:: Work order ::
Below this line are records; write out exactly the lines from the one containing "Black gingham check" through the one containing "Cotton shirt men's", with the pictures left out.

*** Material supplied

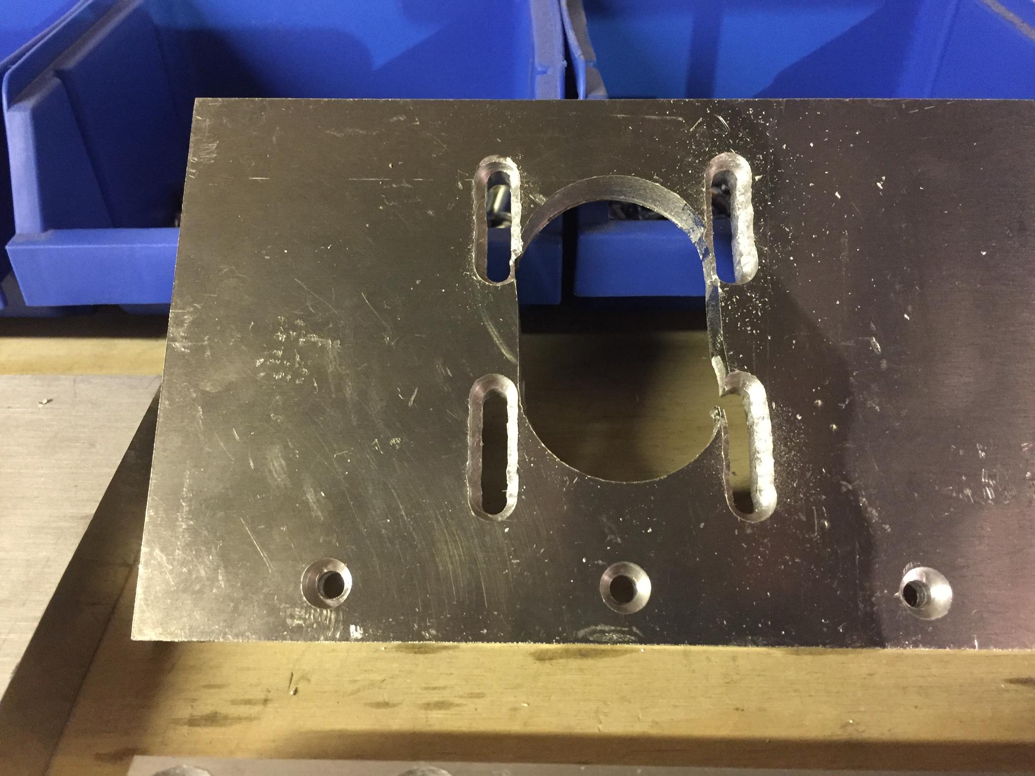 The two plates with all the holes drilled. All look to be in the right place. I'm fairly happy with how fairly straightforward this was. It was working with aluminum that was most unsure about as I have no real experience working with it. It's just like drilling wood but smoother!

******
*** Material supplied

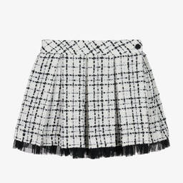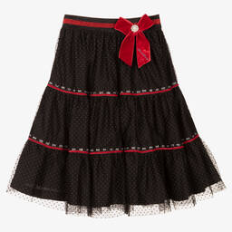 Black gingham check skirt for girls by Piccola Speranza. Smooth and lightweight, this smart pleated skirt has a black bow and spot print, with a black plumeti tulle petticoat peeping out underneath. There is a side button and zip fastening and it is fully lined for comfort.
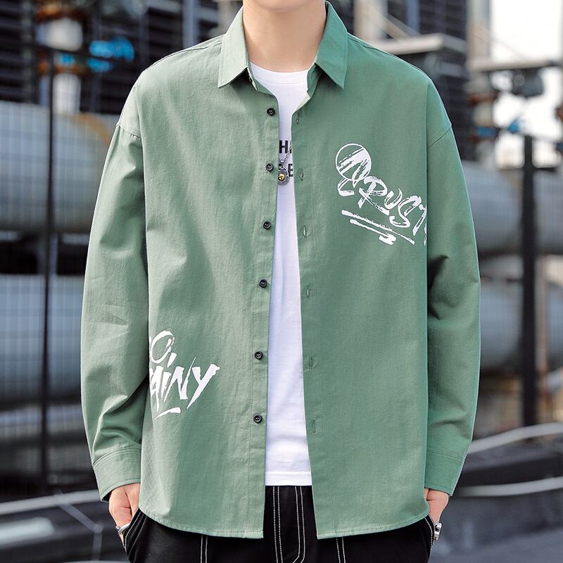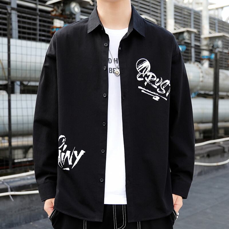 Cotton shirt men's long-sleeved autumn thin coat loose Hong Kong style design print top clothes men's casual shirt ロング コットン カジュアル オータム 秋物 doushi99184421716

******
*** Material supplied

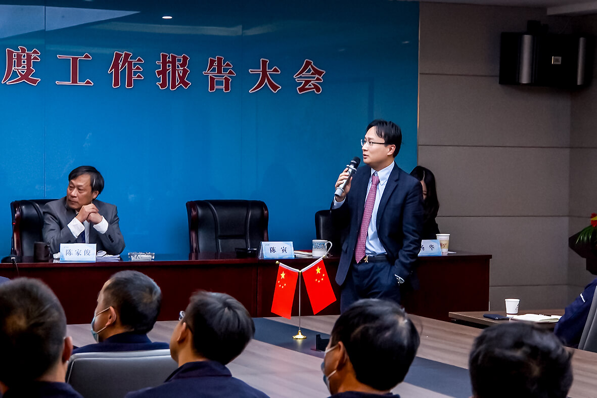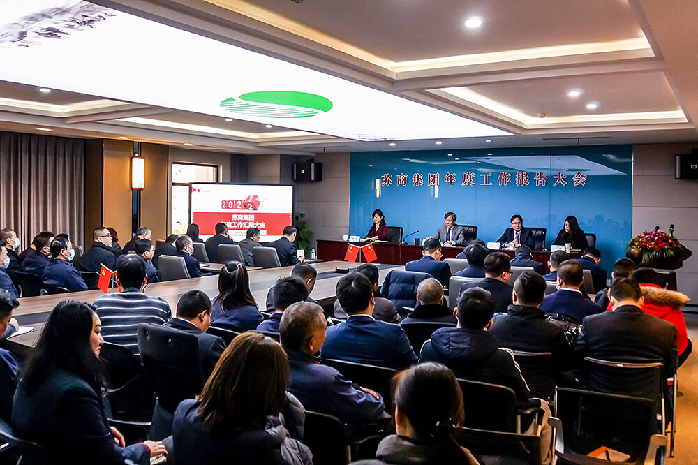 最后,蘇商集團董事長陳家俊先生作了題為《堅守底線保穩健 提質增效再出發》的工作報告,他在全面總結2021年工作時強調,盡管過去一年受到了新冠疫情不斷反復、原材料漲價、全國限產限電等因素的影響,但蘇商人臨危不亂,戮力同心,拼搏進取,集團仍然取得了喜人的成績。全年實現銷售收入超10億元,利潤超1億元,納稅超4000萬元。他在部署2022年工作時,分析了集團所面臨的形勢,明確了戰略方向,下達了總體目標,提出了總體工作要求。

******

:: Expected answer ::
 Black gingham check skirt for girls by Piccola Speranza. Smooth and lightweight, this smart pleated skirt has a black bow and spot print, with a black plumeti tulle petticoat peeping out underneath. There is a side button and zip fastening and it is fully lined for comfort.
 Cotton shirt men's long-sleeved autumn thin coat loose Hong Kong style design print top clothes men's casual shirt ロング コットン カジュアル オータム 秋物 doushi99184421716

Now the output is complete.